ZFS scrubs read every block and verify checksums. They catch silent bit rot before it becomes unrecoverable.

Task Guidance
Schedule Monthly scrub on the pool (TrueNAS default or custom schedule)
Duration Hours on multi-TB RAIDZ1 — run off-peak if performance matters
During scrub Pool stays online; may be slower
Check status TrueNAS → Storage → pool → Scrub tab

If a scrub reports checksum errors, note the drive and run SMART tests on suspect disks before replacing.

SMART monitoring

TrueNAS surfaces drive SMART data:

  1. StorageDisks — review temperature and SMART status
  2. Enable S.M.A.R.T. Tests (short monthly, long quarterly) if not already scheduled
  3. Replace a drive showing reallocated sectors, pending sectors, or critical warnings — do not wait for total failure

Email or notification hooks for SMART failures: TODO: document alert destination if configured.

Snapshots mindset

ZFS snapshots are cheap point-in-time copies on the same pool. They help with:

  • Accidental deletes (rollback a dataset or recover files from snapshot browser)
  • Before risky changes (app upgrades, bulk renames)
  • Quick recovery without a second copy of the data

Snapshots are not a substitute for off-site backup — fire, theft, or multiple drive loss still kills the pool.

Practice Notes
Snapshot important datasets Media, photos, app config volumes
Retention e.g. daily × 7, weekly × 4 — tune to pool space
Off-site TODO: document if cloud or external USB backup exists

8th drive expansion

Plan when the 8th 16 TB drive arrives:

  1. Physically install the drive in the DXP 8800 Plus (power down if hot-swap is not confirmed for that bay)
  2. TrueNASStorage → pool → Expand (or replace/expand wizard depending on UI version)
  3. RAIDZ1 widen — pool capacity increases; parity layout stays one disk
  4. Verify scrub passes after expansion
  5. Update SaxDocsTrueNAS, Server overview hardware section

Before expanding, ensure no drive is already degraded. Fix or replace failing disks first.

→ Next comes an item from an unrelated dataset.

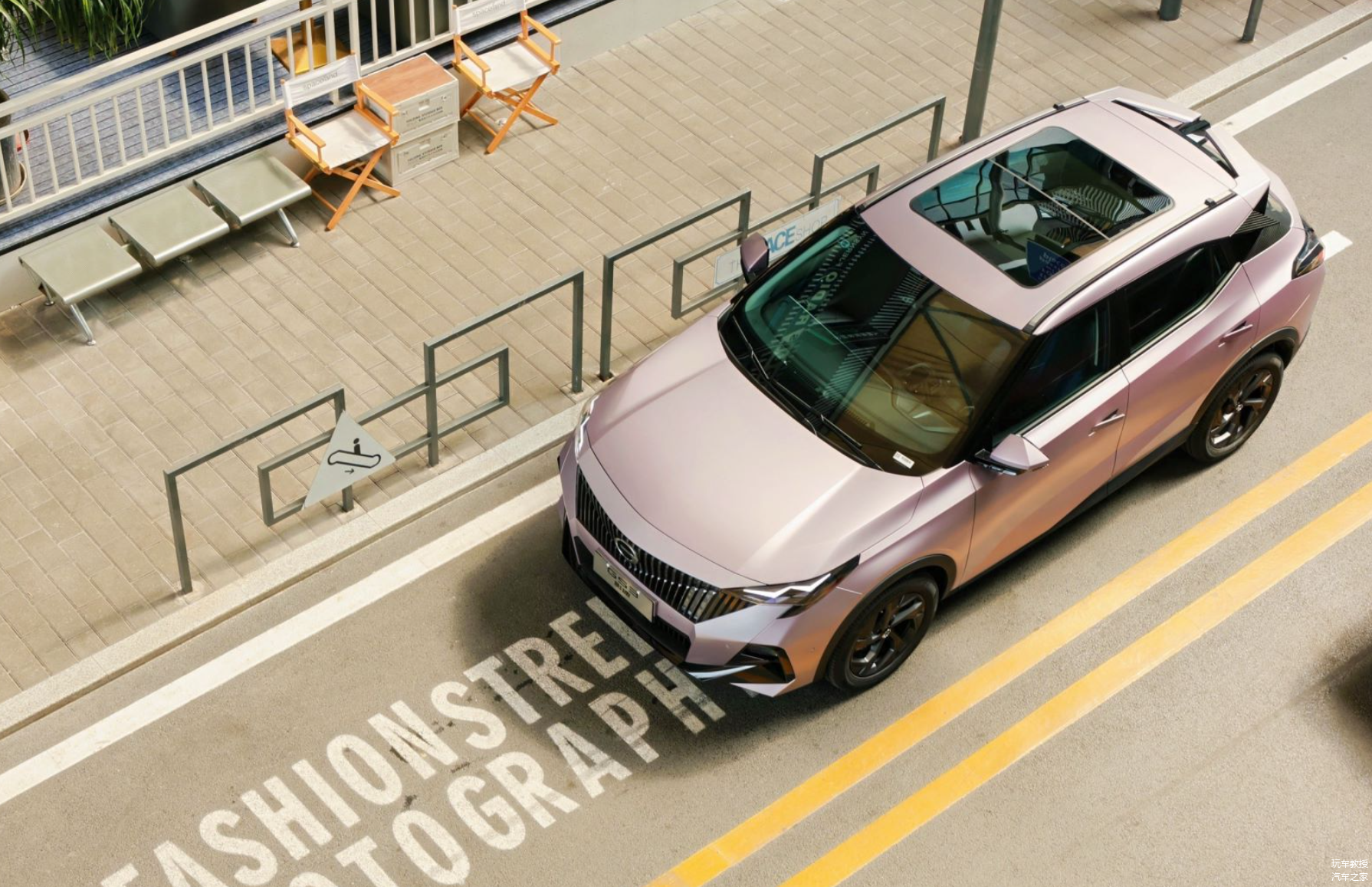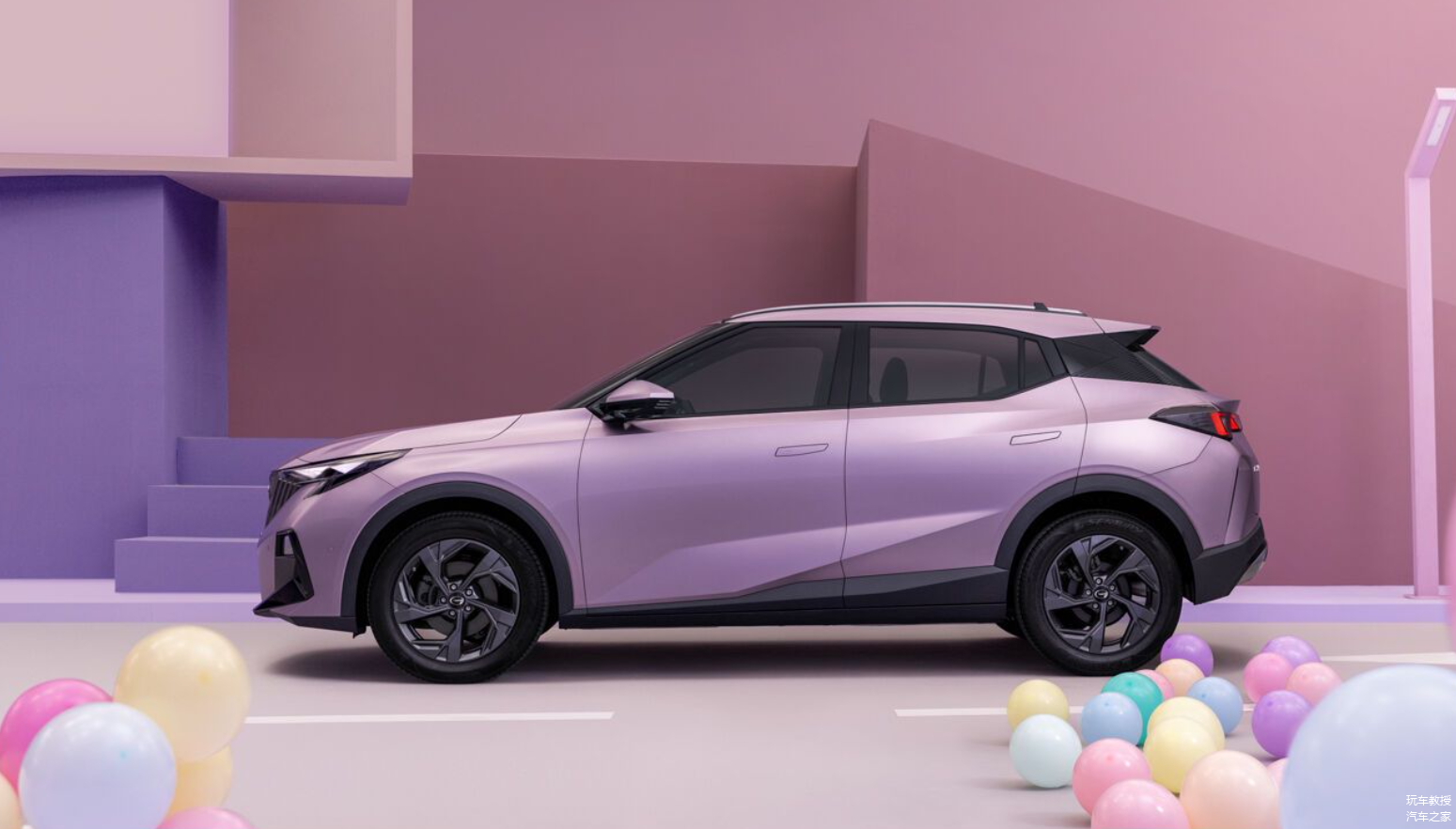 即便这车是一台小型SUV的定位,但较为低趴的造型给人感觉更小像一款跨界两厢车,从新车尺寸来看,其长宽高分别为 4410/1850/1600 毫米,轴距为2650毫米,也正是这个原因让新车成为广汽传祺家族中最小尺寸车型,所以基于这个定位搭配此次新增的“一份紫”,也将更符合年轻女性追求小车的感觉。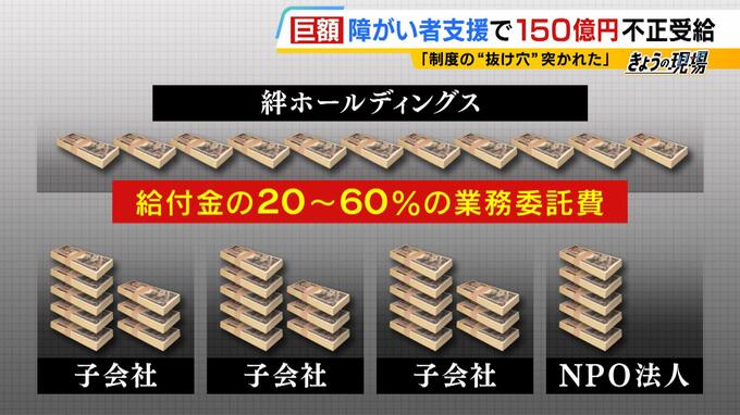 市によりますと、給付金はまずA型事業所を運営する3つの子会社とNPO法人に入ります。その給付金のうち20~60%が親会社である絆ホールディングスに対し「業務委託費」として支払われる契約になっていたといいます。

Degraded pool — what to do

If TrueNAS shows DEGRADED or a drive is FAULTED:

Immediate steps

  1. Stop heavy writes — pause qBittorrent imports, large photo uploads if possible
  2. Identify the failed drive — Storage → pool status; note serial and slot
  3. Do not yank the wrong disk — confirm by slot LED or serial in UI
  4. Replace the drive — same or larger capacity; TrueNAS will resilver

During resilver

  • Pool remains usable but slow; avoid unnecessary load
  • Resilver time scales with pool used capacity — may take a day or more on 7×16 TB
  • Monitor progress in the UI; do not reboot unless instructed

After resilver

  1. Run a manual scrub
  2. Check SMART on the replacement drive
  3. Review any checksum errors logged during the incident

If two drives fail

RAIDZ1 cannot recover. Restore from off-site backup if it exists. Otherwise this is a data-loss event — TODO: confirm backup strategy and document restore steps here.

Windows and SMB health

Degraded pool performance shows up as slow A: drive or failed copies from the PC @ 192.168.2.203. If SMB is fine on LAN but apps fail, the problem may be Docker — see Common Issues.

Monitoring

External uptime checks: status.saxobroko.comMonitoring. That tells me if services respond; it does not replace pool health checks inside TrueNAS.